- Relator(a)
- Ministra Daniela Teixeira
- Órgão julgador
- Quinta Turma
- Data do julgamento
- 03/12/2024
- Data de publicação
- 20/12/2024
STJ – Acórdão, Rel. Ministra Daniela Teixeira, Quinta Turma, j. 03/12/2024, p. 20/12/2024
DIREITO PENAL. RECURSO ESPECIAL. ROUBO. DOSIMETRIA DA PENA. ATENUANTES DA MENORIDADE E DA CONFISSÃO ESPONTÂNEA. COMPENSAÇÃO INTEGRAL DA ATENUANTE DA CONFISSÃO COM A REINCIDÊNCIA. ÚNICA CONDENAÇÃO ANTERIOR TRANSITADA EM JULGADO. SUBSISTÊNCIA DA ATENUNATE DA MENORIDADE. REDUÇÃO DA PENA EM 1/6. LEGALIDADE. RAZOABILIDADE. PROPORCIONALIDADE. RECURSO DESPROVIDO. I. Caso em exame 1. Recurso especial interposto pelo Ministério Público contra acórdão do Tribunal de Justiça do Estado de Minas Gerais que, em apelação criminal, reconheceu a atenuante da confissão espontânea e reduziu a pena do recorrido. 2. O recorrido foi condenado por roubo, com pena inicial de 7 anos, 8 meses e 22 dias de reclusão, posteriormente reduzida para 4 anos e 7 meses, em razão do reconhecimento da atenuante da confissão espontânea e da menoridade relativa.

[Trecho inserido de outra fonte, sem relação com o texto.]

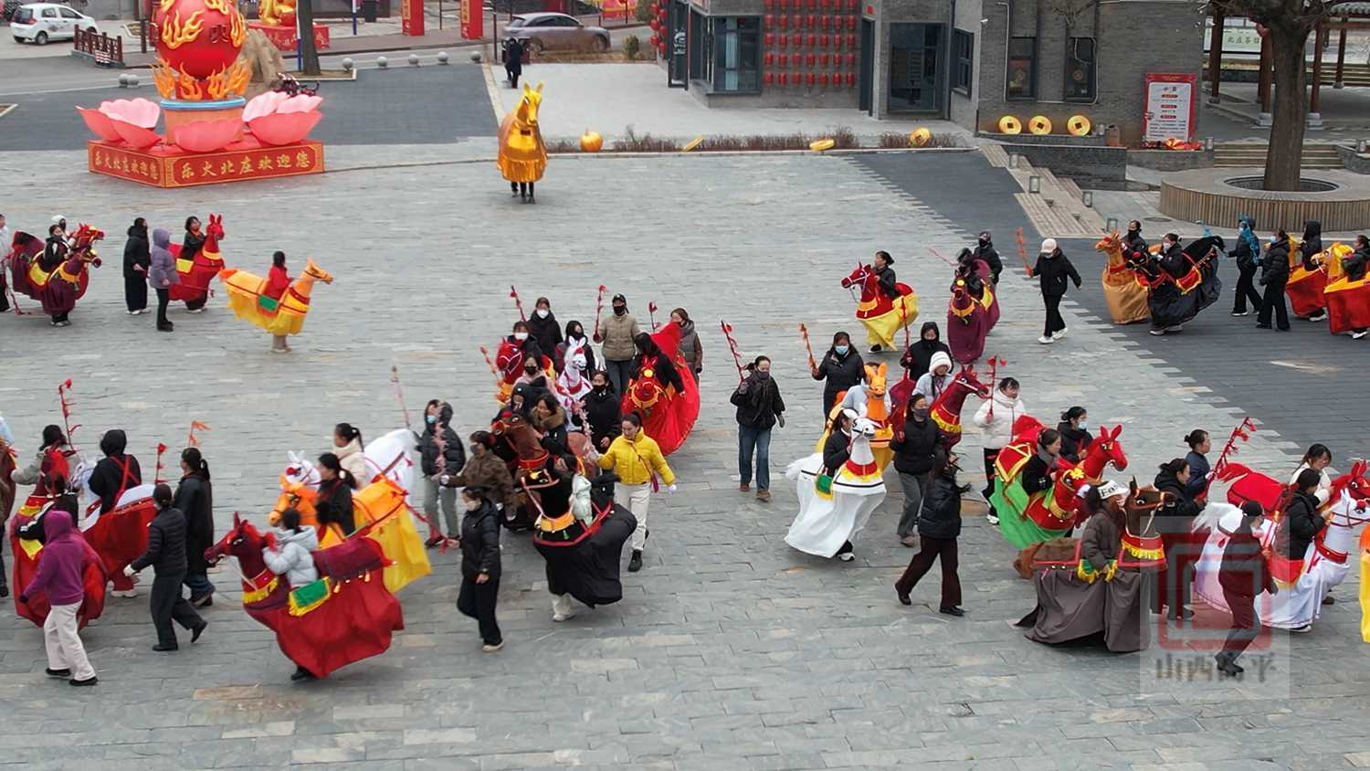 “拽着马鬃抖起来!”“步子颠起来,把马儿的欢腾劲演出来……”在北庄村社火广场,百余名村民身挎竹马,和着节拍进退穿插、变换阵型……大家时而疾驰奔腾,时而悠然漫步,将骏马驰骋的灵动姿态演绎得热闹欢腾。

II. Questão em discussão 3. A questão em discussão consiste em saber se a confissão espontânea parcial do recorrido justifica a redução da pena em fração inferior a 1/6, e se é possível a compensação integral da atenuante com a agravante da reincidência. III. Razões de decidir 4. A jurisprudência do Superior Tribunal de Justiça firmou-se no sentido de que a fração de 1/6 para redução da pena atende aos princípios da individualização da pena e da razoabilidade, não havendo ilegalidade na decisão do Tribunal de origem. 5. A compensação integral da atenuante da confissão espontânea com a agravante da reincidência é possível quando o réu possui apenas uma condenação anterior transitada em julgado, conforme entendimento consolidado do STJ. 6. A aplicação de fração diversa de 1/6 para a redução da pena exige motivação concreta e idônea, o que não foi demonstrado no caso em análise. IV. Dispositivo 7. Recurso não provido. (REsp n. 2.098.833/MG, relatora Ministra Daniela Teixeira, Quinta Turma, julgado em 3/12/2024, DJEN de 20/12/2024.)